Vision: Possible inversion of x-axis and y-axis in crop transform

Created on 27 Sep 2019 · 8Comments · Source: pytorch/vision

I just realized that the crop transform in transform/functional.py with arguments i, j, w and h (using PIL.crop function) actually crops a rectangular portion of w width and h height, having the top left coordinate as (j, i). Wouldn't it be intuitive to have the top left corner coordinates as (i, j)?

documentation transforms

Source

ekagra-ranjan

All 8 comments

Related to #1323

pmeier on 27 Sep 2019

👍1

Hi @pmeier ! As pointed out by @fmassa, Pillow has different ordering for width and height but I think the position of i and j are still reversed. Please check out: https://github.com/python-pillow/Pillow/issues/2729#issuecomment-425388850 for the syntax for crop in Pillow. The first 2 arguments are for the (x, y) coordinates for the top left corner.

If the user input (i, j) is in the common format of (x, y), then the current implementation of crop in Pytorch is setting (y, x) as coordinates for top left corner. I think the correct implementation should be:

img.crop((i, j, i+w, j+h)

Am I missing something?

ekagra-ranjan on 27 Sep 2019

IMO the current implementation is correct. I did the following to verify it:

from PIL import Image
import numpy as np
from torchvision.transforms import functional as F

np_image = np.random.rand(100, 100)
pil_image = Image.fromarray(np_image * 255.0)

left = 10
top = 20
width = 30
height = 40
right = left + width
bottom = top + height

crop1 = pil_image.crop((left, top, right, bottom))
crop2 = F.crop(pil_image, top, left, height, width)

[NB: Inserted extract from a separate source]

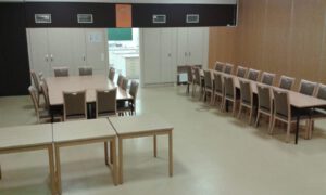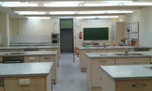 Unterrichtsraum mit Blick in die Küche

abs_diff = np.sum(np.abs(np.array(crop1) - np.array(crop2)))
implementation_correct = abs_diff < 1e-6

However, we should definitely change the signature and docstring to avoid further confusion. I propose the following:

def crop(img, top, left, height, width):
    """Crop the given PIL Image.
    Args:
        img (PIL Image): Image to be cropped. (0,0) denotes the top left corner of the image.
        top (int): Vertical component of the top left corner of the crop box.
        left (int): Horizontal component of the top left corner of the crop box.
        height (int): Height of the crop box.
        width (int): Width of the crop box.
    Returns:
        PIL Image: Cropped image.
    """

pmeier on 27 Sep 2019

👍1

If we follow the convention of (top, left, height, width) then the current implementation is indeed fine. However, we have 2 choices for the naming conventions:
1) (top, left, height, width)
2) (x, y, height, width)

Since top and left correspond to coordinates in y-axis and x-axis respectively, both of them are equivalent. So the only question remaining is what convention do we follow? IMO (x, y, height, width) would be more clear than (top, left, height, width) as even to explain what top and left mean, we need to use (x, y) coordinates, e.g., (0, 0) is used in the docs.

Is it a standard convention to use (top, left, height, width) in Pytorch? Have we used this convention anywhere else?

ekagra-ranjan on 27 Sep 2019

👍1

IMO (x, y, height, width) would be more clear than (top, left, height, width) as even to explain what top and left mean, we need to use (x, y) coordinates, e.g., (0, 0) is used in the docs.

If we use x and y we need to state in which direction the box is expanding. This is clear for top and left. Thus, even for the amount of documentation both are equivalent. I think this comes down to preference.

If we go with option 2. the signature should be

(y, x, height, width)

to keep BC.

pmeier on 29 Sep 2019

I guess we can leave it as it. You may proceed to change the documentation as you mentioned earlier or if you want I can do it in case you are busy at the moment.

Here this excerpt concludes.